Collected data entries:

- - - -

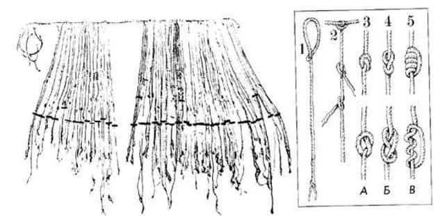 Это устройство представляло собой главный шнур-основу, от которого отходило множество нитей из шерсти или хлопка, окрашенных в разные цвета. На этих нитях завязывались узлы, и именно в их расположении, типе, количестве витков и в оттенках самой нити заключался зашифрованный смысл.
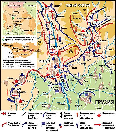 ...бьло сообщено, что Грузия «в ответ на провокации» начинает военную операцию по «установлению конституционного контроля» над территорией «Цхинвальского района Грузии»
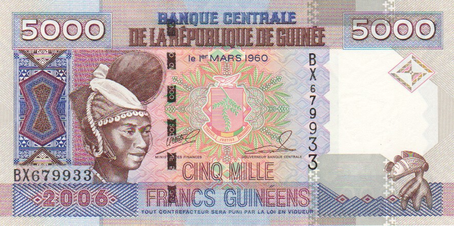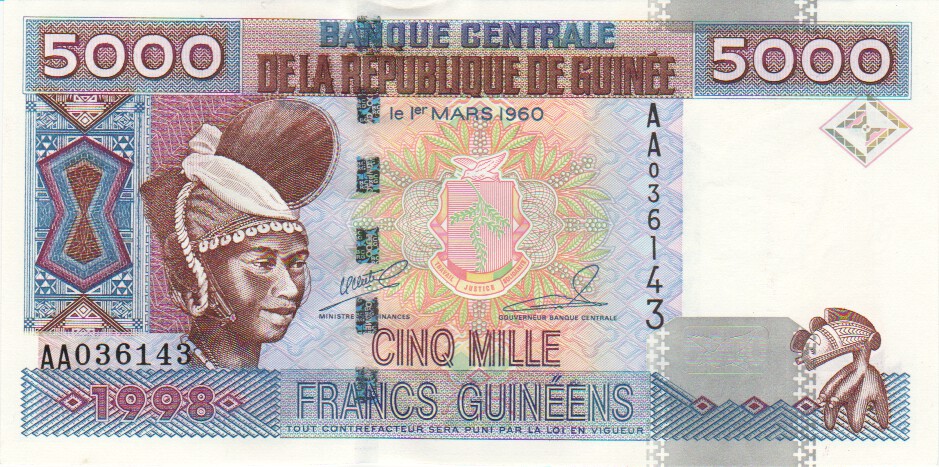 Guinea 5000 Francs, 1998385000 Francs1998UNC£6.00
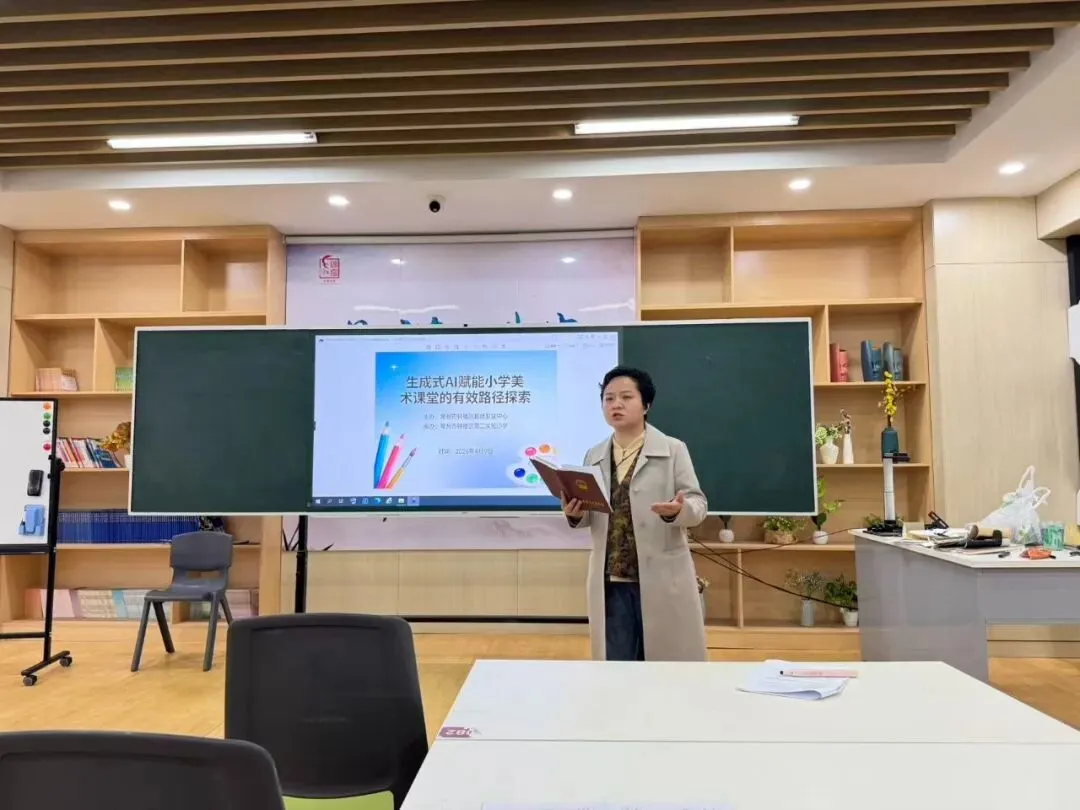 为深入探索生成式人工智能技术与小学美术教育的深度融合路径,推动美育教学创新发展,4月9日上午,由椿芳联盟片区组织的“生成式AI赋能小学美术课堂的有效路径探索”主题教研活动在钟楼区第二实验小学顺利开展。区内各小学美术教师代表齐聚一堂,共同观摩研讨、交流经验,开启了一场科技与艺术碰撞的美育盛宴。
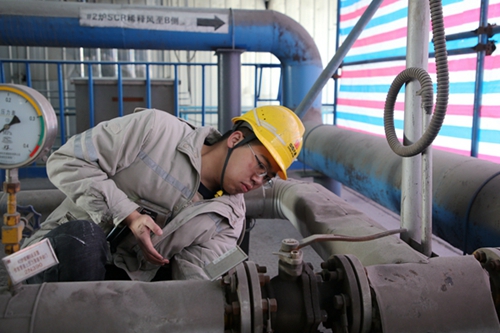 環(huán)保集控室內(nèi),該公司環(huán)保運(yùn)行二班人員正在認(rèn)真監(jiān)視,精心調(diào)整參數(shù),確保煙塵、氮氧化物、二氧化碳等達(dá)標(biāo)排放。“在環(huán)保戰(zhàn)線不知不覺工作11年了,面對越來越嚴(yán)苛的環(huán)保要求,我們一定不斷提高工作標(biāo)準(zhǔn),守好環(huán)保的紅線和底線。“剛從現(xiàn)場忙完的當(dāng)班班長徐煒堅(jiān)定地說道。
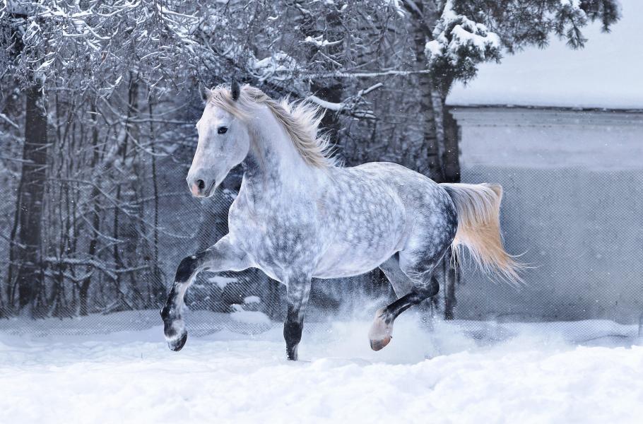 Šedá je nejtypičtější barvou orlovských klusáků. Na sněhu sice vypadají krásně, ale mají rádi spíše teplejší podnebí.
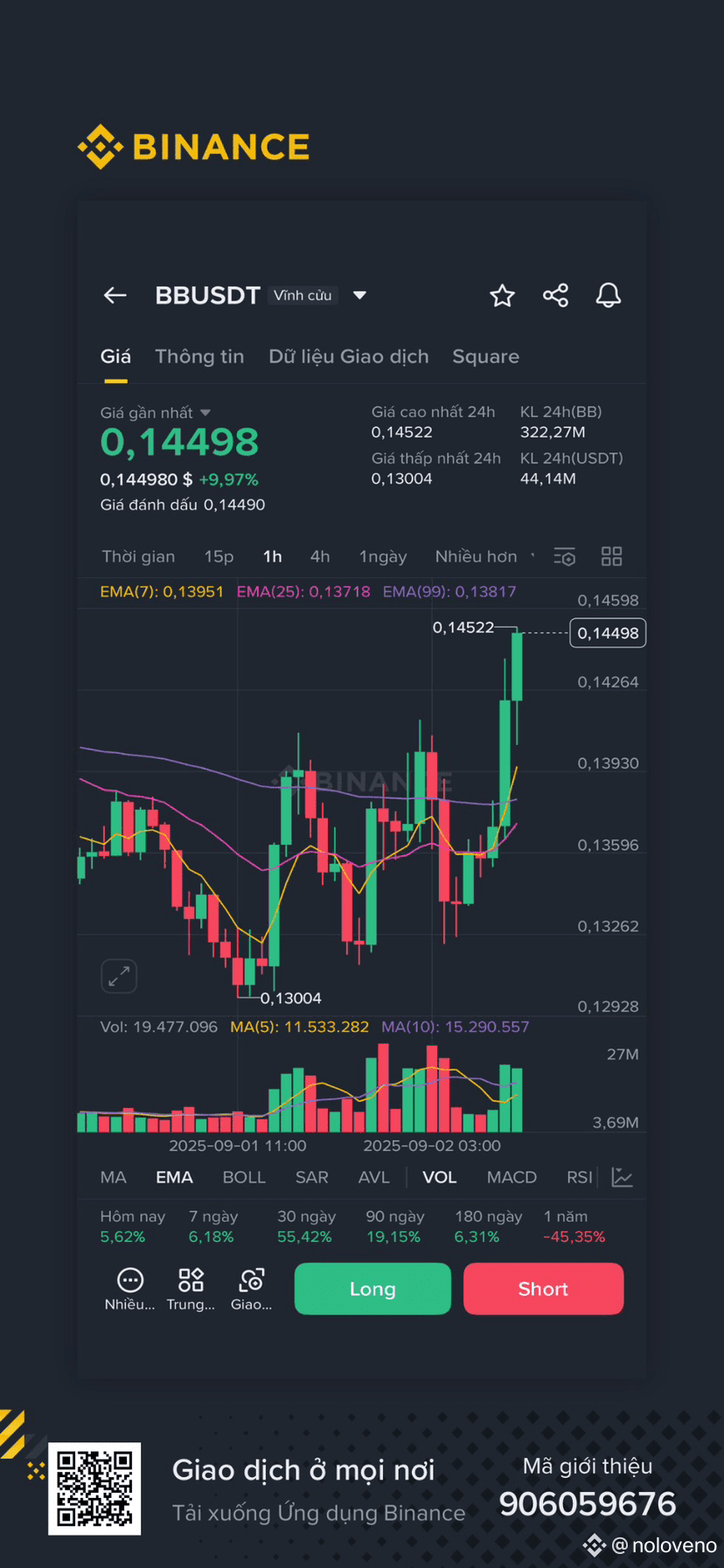 > * Mốc quan trọng: Cần theo dõi sự phá vỡ trên ngưỡng 0.1455. Vượt qua mốc này có thể kích hoạt các mục tiêu giá cao hơn.

- - - -

• [PROBLEM]:
No pictures should appear in the copy, which holds exactly the lines from the first line of the data through the line with "为深入探索生成式人工智能技术" and nothing else.

• [REPLY TO THE EXERCISE]:
 Это устройство представляло собой главный шнур-основу, от которого отходило множество нитей из шерсти или хлопка, окрашенных в разные цвета. На этих нитях завязывались узлы, и именно в их расположении, типе, количестве витков и в оттенках самой нити заключался зашифрованный смысл.
 ...бьло сообщено, что Грузия «в ответ на провокации» начинает военную операцию по «установлению конституционного контроля» над территорией «Цхинвальского района Грузии»
 Guinea 5000 Francs, 1998385000 Francs1998UNC£6.00
 为深入探索生成式人工智能技术与小学美术教育的深度融合路径,推动美育教学创新发展,4月9日上午,由椿芳联盟片区组织的“生成式AI赋能小学美术课堂的有效路径探索”主题教研活动在钟楼区第二实验小学顺利开展。区内各小学美术教师代表齐聚一堂,共同观摩研讨、交流经验,开启了一场科技与艺术碰撞的美育盛宴。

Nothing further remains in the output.